-- Provided data follows --

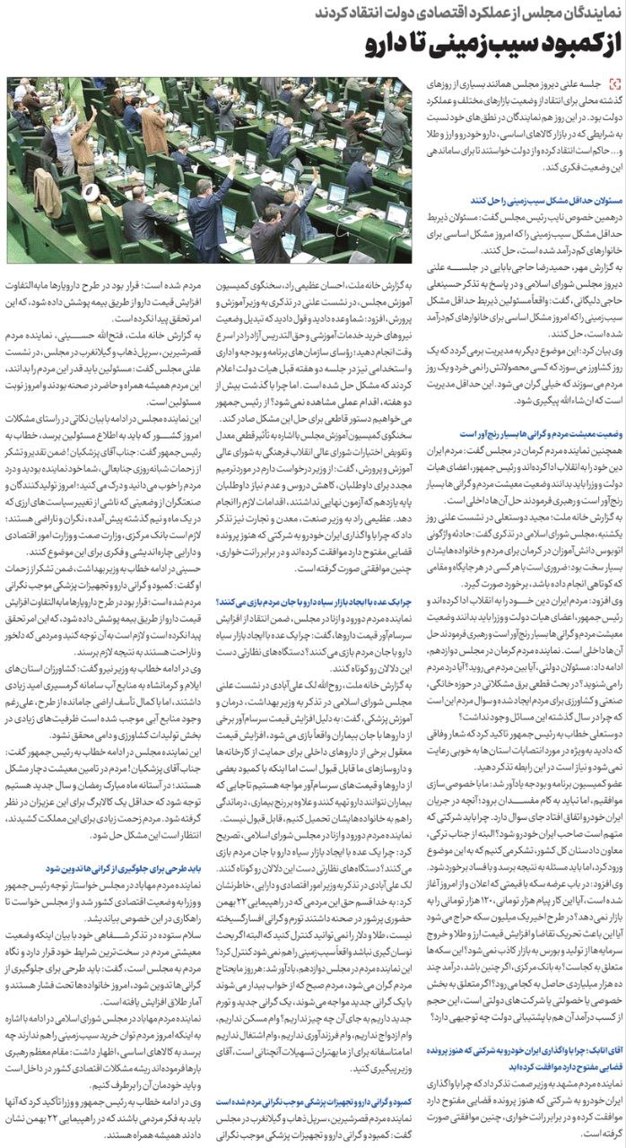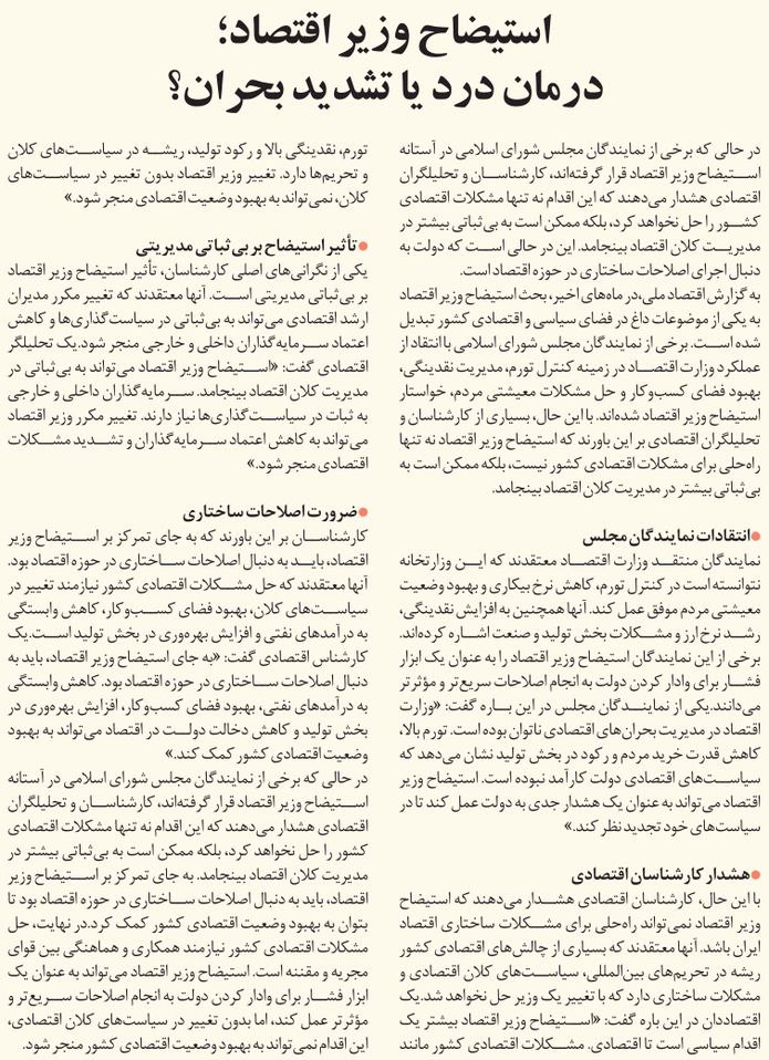روزنامهٔ اقتصاد ملی: استیضاح وزیر اقتصاد، درمان درد یا تشدید بحران؟
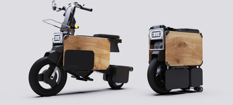 O ICOMA Tatamel é um Ciclomotor Elétrico inovador dobrável da startup japonesa de ciclomotores elétricos ICOMA.
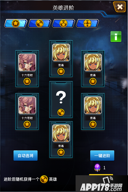 英雄进阶,是将6个同星级英雄进阶合成为1个高1星的英雄。是高星级英雄的重要来源。
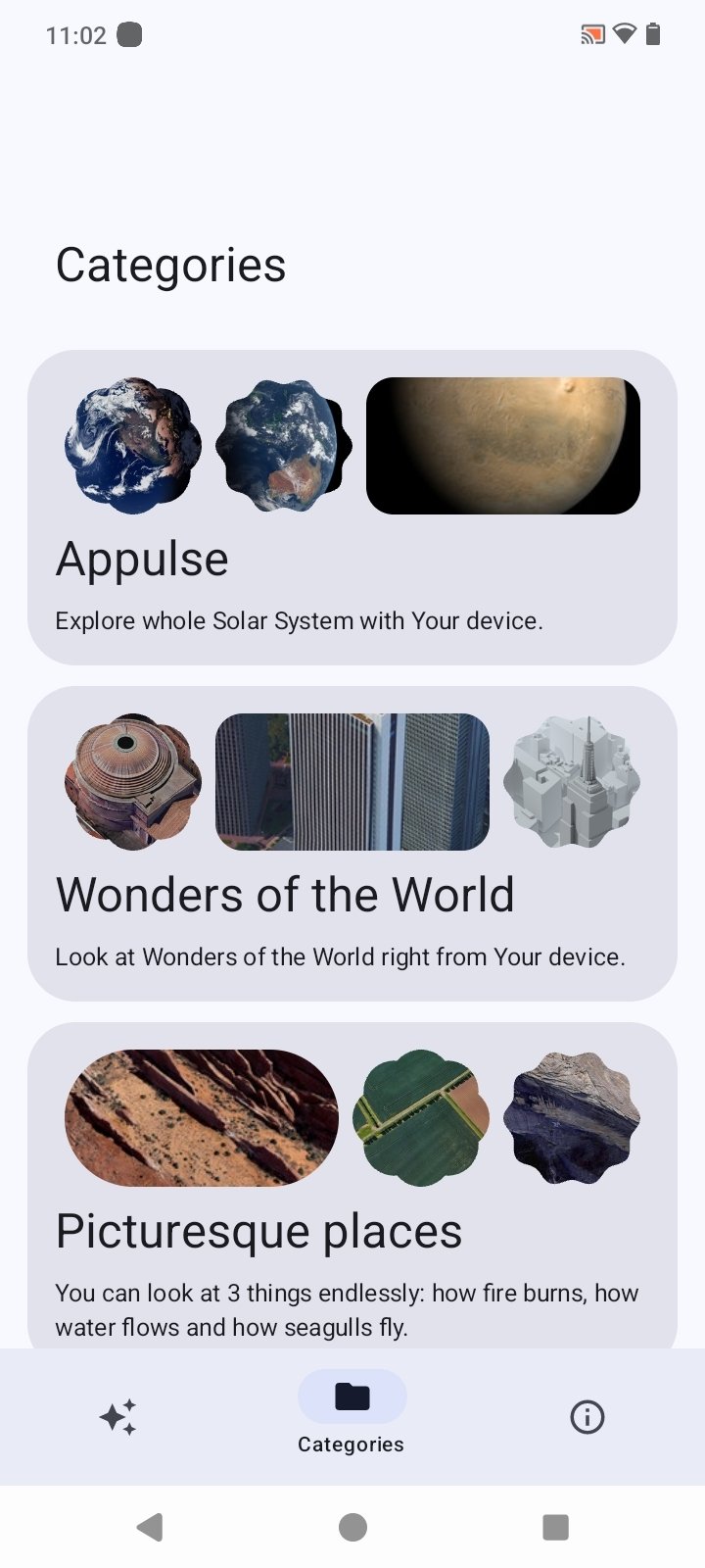 The app organizes backgrounds into various thematic categories, making it easy to find the perfect image. For example, there are sections of scenic places (with GPS location included), minerals, wonders of the world, or birds.
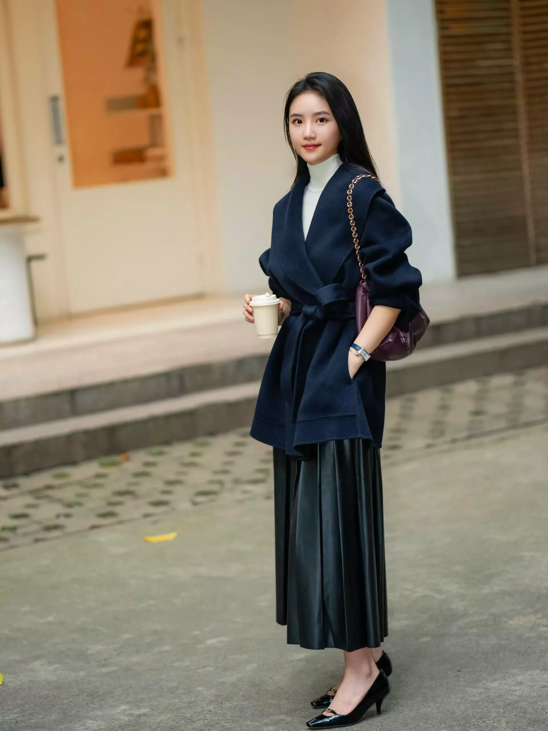 第四章节:短大衣搭配裙子,优雅又大方
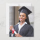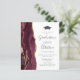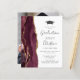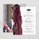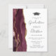 Cette invitation à la fête de remise de diplômes 2025 branchée présente une image aquarelle de géode rouge bordeaux avec des reflets de parties scintillant d'or. Le mot "Graduation" et le prénom du diplômé apparaissent dans l'élégant script d'écriture grise au fusain sur un arrière - plan blanc, ainsi que le casquette de tableau de mortier et les détails de la fête dans les polices sans serif et italique. Remplacez facilement l'image de l'échantillon au dos par une photo verticale du diplômé.
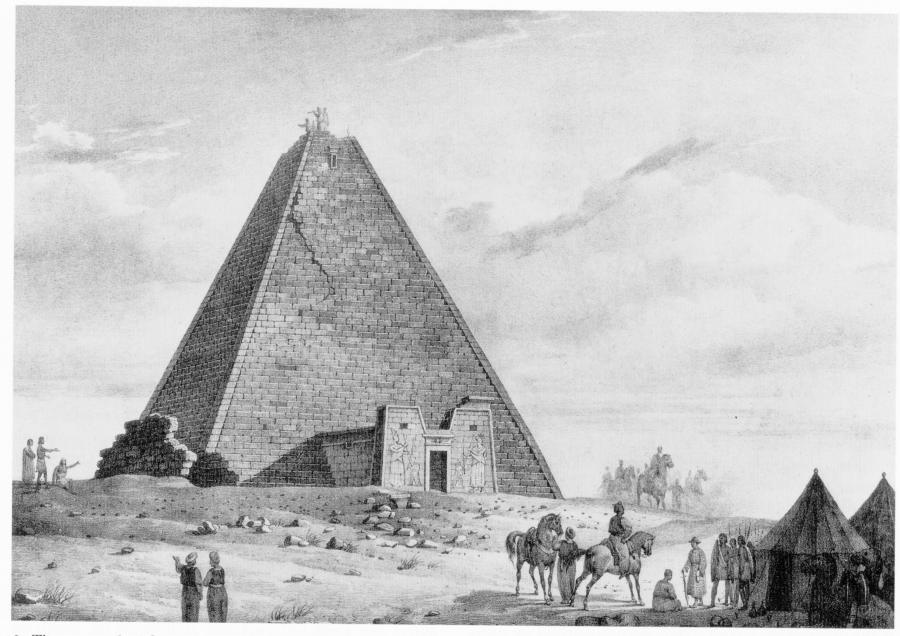 In fig. 19.32 we see the pyramid field upon the northern cemetery of Meroe located in the region of Middle Nile. This is how these places looked in 1821 ([1350], page 7). Fig. 19.22 depicts the pyramid ascribed to the "ancient" Queen Amanishakheto the way it was in 1821 ([1350], page 9). One must pay close attention to the fact that similar pyramids were built in America. In fig. 19.34 we see the mediaeval pyramid known as "The Temple of the Jaguar", which is located in Guatemala ([1270], page 83). It is very similar to the "ancient" Egyptian pyramid, or burial mound, qv in fig. 19.33.
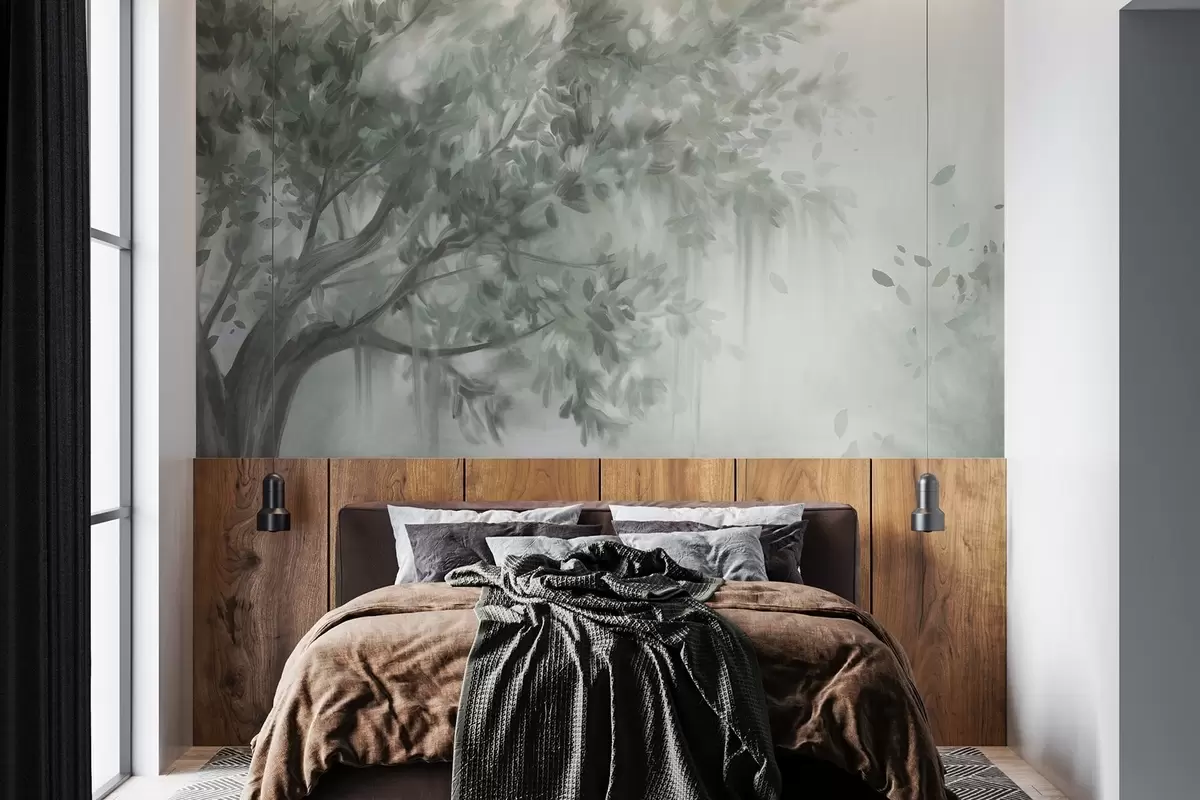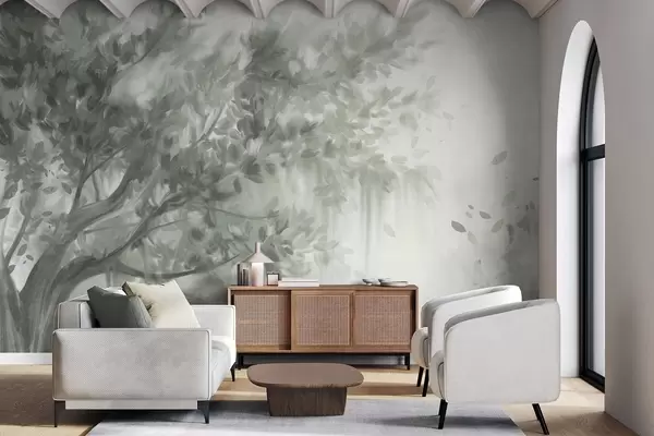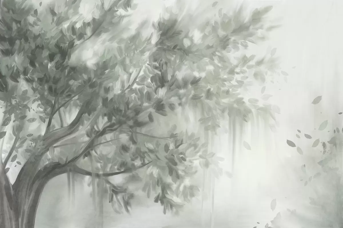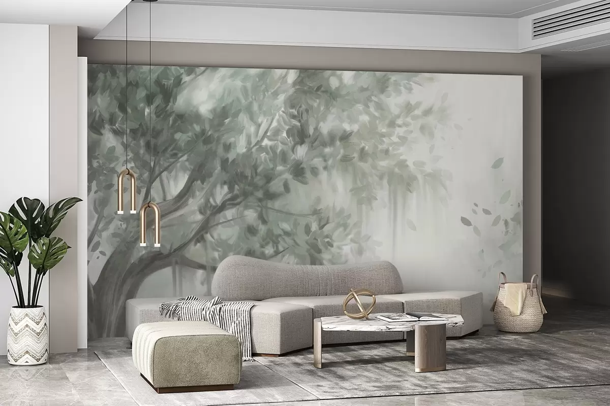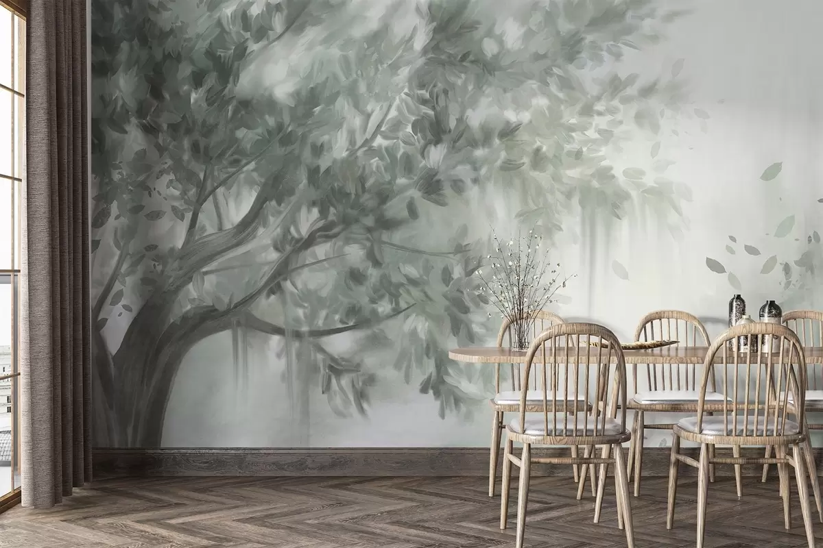 Fotobehang Getextureerde boom met groene bladeren en takken, met een zachte, wazige achtergrond N° w09650v1

-- Provided data concluded --

Exercise goal: Would you copy every entry exactly as it stands, leaving out the pictures?

Answer for this exercise:
روزنامهٔ اقتصاد ملی: استیضاح وزیر اقتصاد، درمان درد یا تشدید بحران؟
 O ICOMA Tatamel é um Ciclomotor Elétrico inovador dobrável da startup japonesa de ciclomotores elétricos ICOMA.
 英雄进阶,是将6个同星级英雄进阶合成为1个高1星的英雄。是高星级英雄的重要来源。
 The app organizes backgrounds into various thematic categories, making it easy to find the perfect image. For example, there are sections of scenic places (with GPS location included), minerals, wonders of the world, or birds.
 第四章节:短大衣搭配裙子,优雅又大方
 Cette invitation à la fête de remise de diplômes 2025 branchée présente une image aquarelle de géode rouge bordeaux avec des reflets de parties scintillant d'or. Le mot "Graduation" et le prénom du diplômé apparaissent dans l'élégant script d'écriture grise au fusain sur un arrière - plan blanc, ainsi que le casquette de tableau de mortier et les détails de la fête dans les polices sans serif et italique. Remplacez facilement l'image de l'échantillon au dos par une photo verticale du diplômé.
 In fig. 19.32 we see the pyramid field upon the northern cemetery of Meroe located in the region of Middle Nile. This is how these places looked in 1821 ([1350], page 7). Fig. 19.22 depicts the pyramid ascribed to the "ancient" Queen Amanishakheto the way it was in 1821 ([1350], page 9). One must pay close attention to the fact that similar pyramids were built in America. In fig. 19.34 we see the mediaeval pyramid known as "The Temple of the Jaguar", which is located in Guatemala ([1270], page 83). It is very similar to the "ancient" Egyptian pyramid, or burial mound, qv in fig. 19.33.
 Fotobehang Getextureerde boom met groene bladeren en takken, met een zachte, wazige achtergrond N° w09650v1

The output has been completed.